Arrasan con iglesia del siglo XVIII en Tlaxcala | El Universal

Google Translation:

"The National Institute of Anthropology and History (INAH) filed a criminal complaint for the demolition of the chapel of Santo Cristo with use of heavy machinery , in the community of Vicente Guerrero, municipality of San Pablo del Monte, Tlaxcala, Puebla on Tuesday.

About the features of this monument, Lamas said that Delgado is a Franciscan style chapel built in the eighteenth century, with vault acañonada, two bell towers added in the nineteenth century and a dome in the presibiterio.

The Federal Law on Monuments and Archaeological Sites specify that the damage to a national heritage site is punishable by 3 to 11 years in prison."


----------



## GARYJ65 (Feb 9, 2013)

Obviously local people did not want that chapel in their town, you may see graffiti in the chapel walls.

If it was so precious, why INAH did not have guards protecting it?
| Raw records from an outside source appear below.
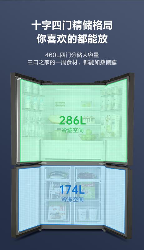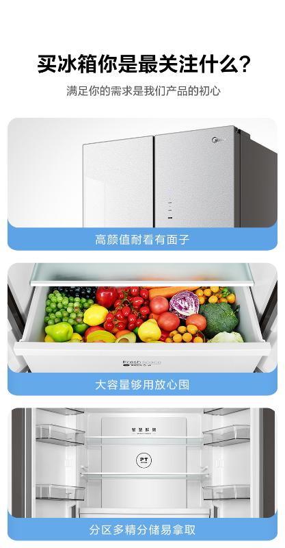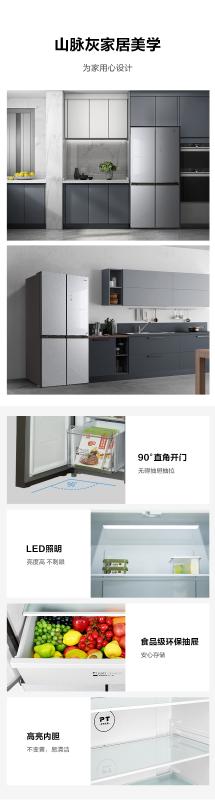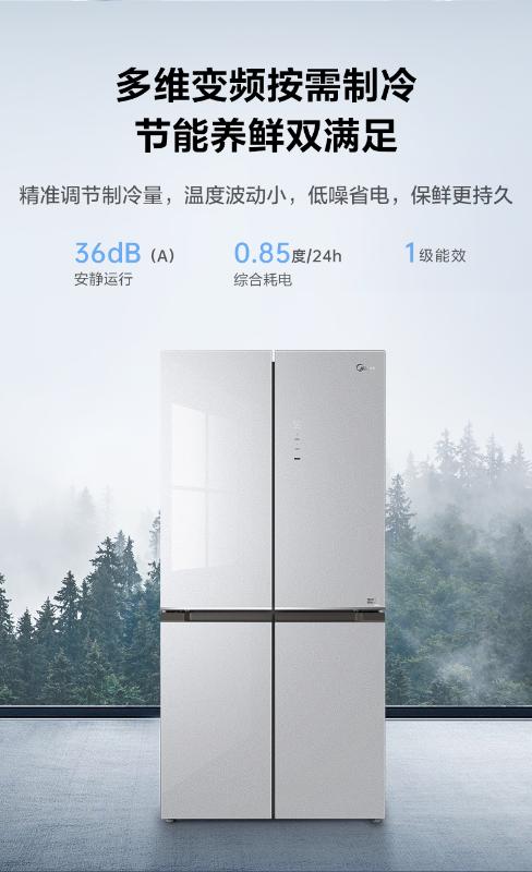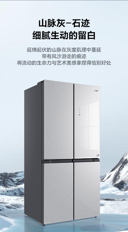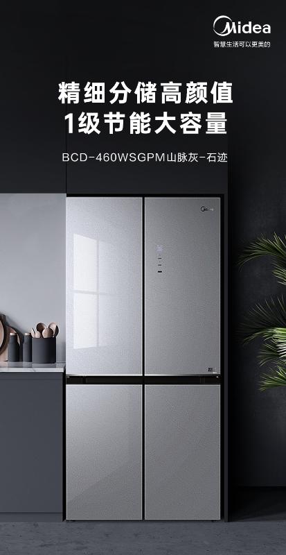 美的十字四门冰箱BCD-460WSGPM山脉灰-石迹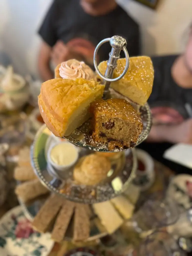 Considering the amount of sandwiches we got, like an American, I was just a tad bit surprised that we received only one normal sized scone. 😄 At most tea rooms you typically get one to two scones, so this is not out of the ordinary. I’m used to Xak’s delicious English Cream scones that he makes for most of our afternoons at home and these were quite different in both texture and taste.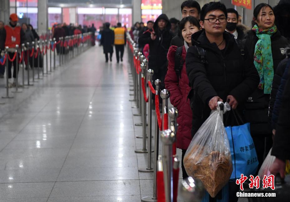 在阜阳火车站,来自临泉的小伙子张强带着家乡的特产踏上回上海的列车。 韩苏原 摄
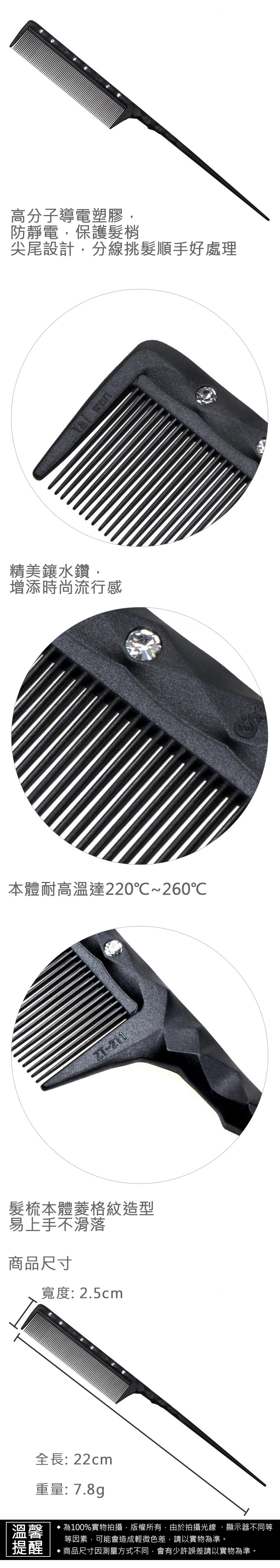 ♦ 耐高溫達220℃~260℃ ♦ 耐鹼抗酸,卓越的抗藥性 ♦ 高分子導電塑膠,防靜電,保護髮梢 ♦ 精美鑲水鑽,增添時尚流行感 ♦ 尖尾設計,分線挑髮順手好處理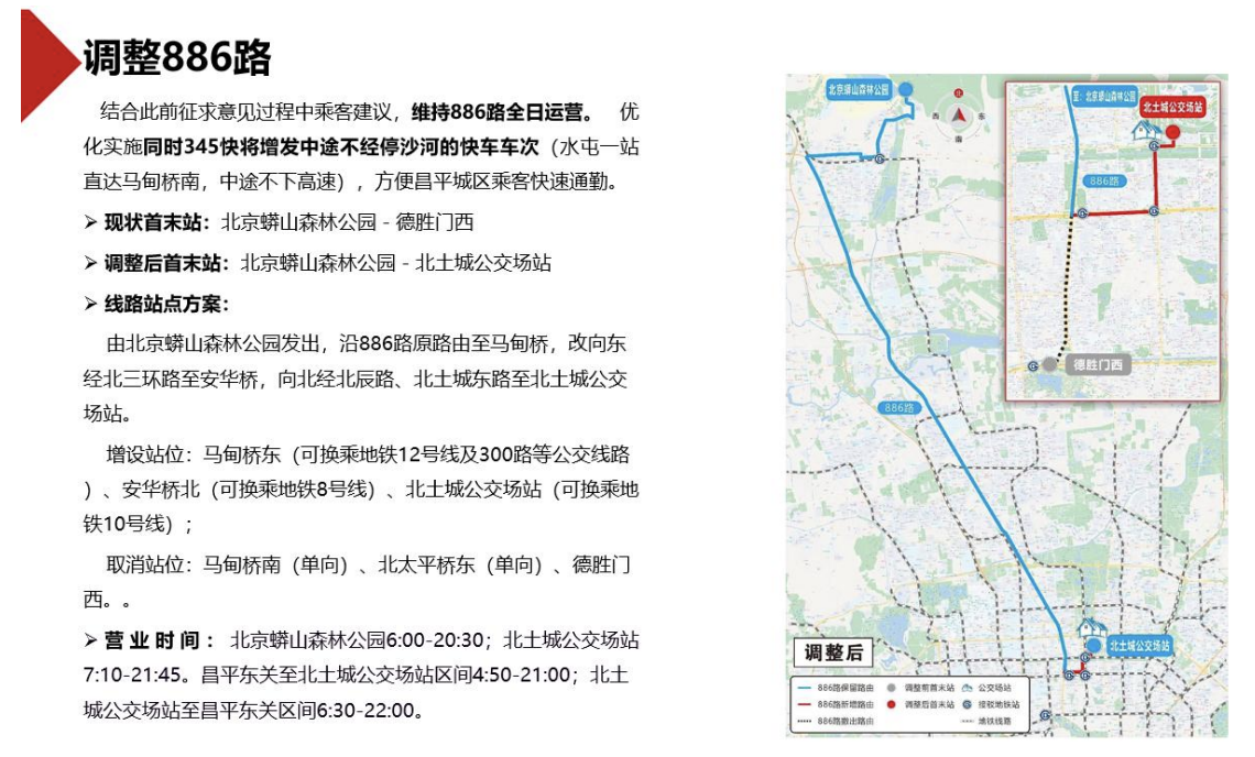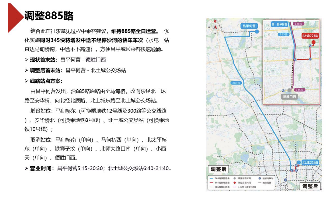 其中,调整885路、886路,由德胜门西调至北土城公交场站,强化昌平区市郊干线与三环路、市区地铁网的快速接驳,缓解德胜门外大街、北二环辅路交通压力。结合此前征求意见过程中乘客建议,维持885路、886路全日运营。优化后,885路、886路可在“马甸桥东”站与300路等三环路地面公交干线实现同台换乘,在“马甸桥东”站与地铁12号线、“安华桥北”站与地铁8号线、“北土城公交场站”与地铁10号线实现就近换乘。

That demolition job takes quite a few hours to do, if not days...

They claim to not understand how a predominantly catholic town would do that, Mexico is not as Catholic as it used to be ...


----------



## Isla Verde (Oct 19, 2011)

GARYJ65 said:


> Obviously local people did not want that chapel in their town, you may see graffiti in the chapel walls.
> 
> If it was so precious, why INAH did not have guards protecting it? That demolition job takes quite a few hours to do, if not days...
> 
> They claim to not understand how a predominantly catholic town would do that, Mexico is not as Catholic as it used to be ...


I've read about this story. The townspeople who demolished the chapel were Catholic and were concerned it would come crashing down on their heads as they were attending mass or their children were at catechism. Already there were many leaks in the roof letting in the rain. They did complain to the authorities about the deteriorating condition of the chapel, but no one paid attention to them. So they took matters into their own hands and demolished the structure.


----------



## sparks (Jun 17, 2007)

Why would this be moved to a Chat area. Chat is like off topic/not Mexico I thought. Strange


----------



## RVGRINGO (May 16, 2007)

Maybe because the chapel is now trash. Chatarrería = Junk yard.


----------